PERSONAL DATA OF CHILD OR DISABLED PERSON
Section 9(1) of the DPDPA provides that a data fiduciary must obtain verifiable consent of the parent or guardian before processing the personal data of a child. Rule 10 expands this obligation and requires the data fiduciaries to adopt technical and organisational measures to ensure that verifiable consent of the parent is obtained. It must be ensured that the individual identifying as the parent is an identifiable adult. This may be ensured by the following means:
1. Reliable details of identity and age available with the data fiduciary.
2. Details of identity and age provided by the individual.
3. Through a virtual token mapped to such details, which is issued by an authorised agency. (Digi Locker or Aadhaar-based authentication may be used in such cases).
Rule 11 deals with verifiable consent of persons with disabilities.

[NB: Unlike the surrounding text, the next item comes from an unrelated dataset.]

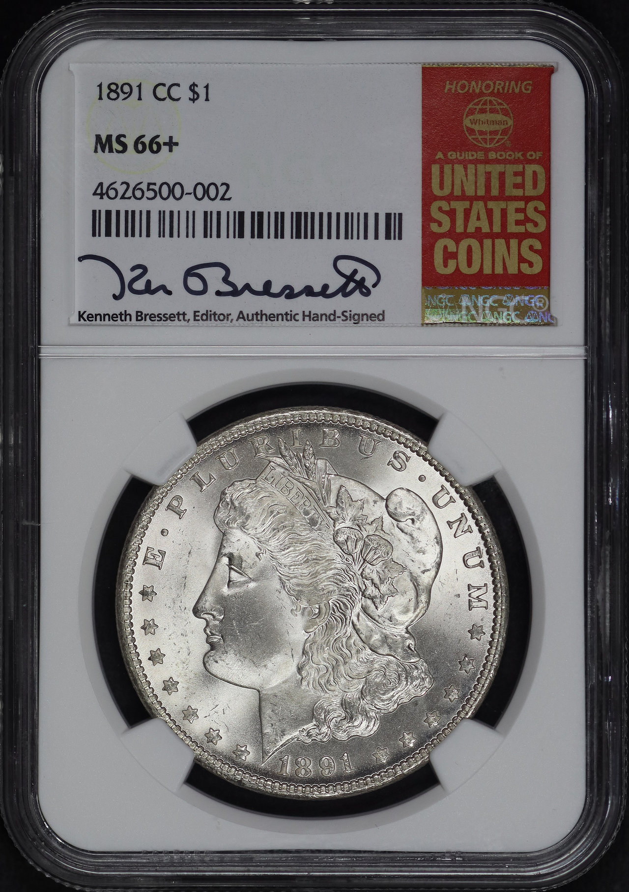 1891-CC Morgan Dollar NGC MS-66+ Kenneth Bressett Signature Whitman Red Book Label

In case of the person with disability, the data fiduciary must observe due diligence to verify that such guardian is appointed by a court of law, designated by an authority or by a local level committee.
Therefore, businesses processing personal data of children should start building verification methods and provide user friendly and accessible means of obtaining parental consent.
SIGNIFICANT DATA FIDUCIARIES
Rule 13 provides additional obligations for significant data fiduciaries (SDFs). SDFs are required to undertake annual Data Protection Impact Assessments and audits to ensure observance of the DPDPA. Person carrying out the assessment or audit must present the report to the Board containing observations. SDFs are further required to observe due diligence to ensure that algorithmic software deployed by it don’t pose risks to data principals. They must also ensure that personal data specified by the government is not transferred outside India. Though there is no clear definition of an SDF but businesses which deal with large volumes of personal data, process sensitive data, work in conjunction with the Government or State instrumentalities or use algorithms must take reasonable precautions to avoid liability.
RIGHTS OF DATA PRINCIPALS
Data fiduciaries and consent managers must publish on their app or website the means of making request for exercise of rights and particulars of data principal required for identification. Data principals may make request to data fiduciaries to exercise the rights under the DPDPA. Data fiduciaries must respond to grievances of data principals within 90 days. The data principal has the right to nominate another person who may exercise the rights on behalf of such data principal. Therefore, proper ‘Data Principal Rights’ intake forms must be created in order to receive requests. Data flows must be mapped accurately in order to comply with requests of erasure, updation or completion.
HOW TO ACT?
The next 18 months will determine whether organisations emerge DPDP-ready or risk regulatory exposure, reputational harm, and compliance failure.
This is the time for businesses to move proactively:
- Audit current data flows and revise internal policies.
- Update privacy notices, consent systems, and user-facing disclosures.
- Create rights-management workflows and incident-response playbooks.
- Designate responsible officers and build data governance structures.
- Train teams to embed privacy across processes, products, and decision-making.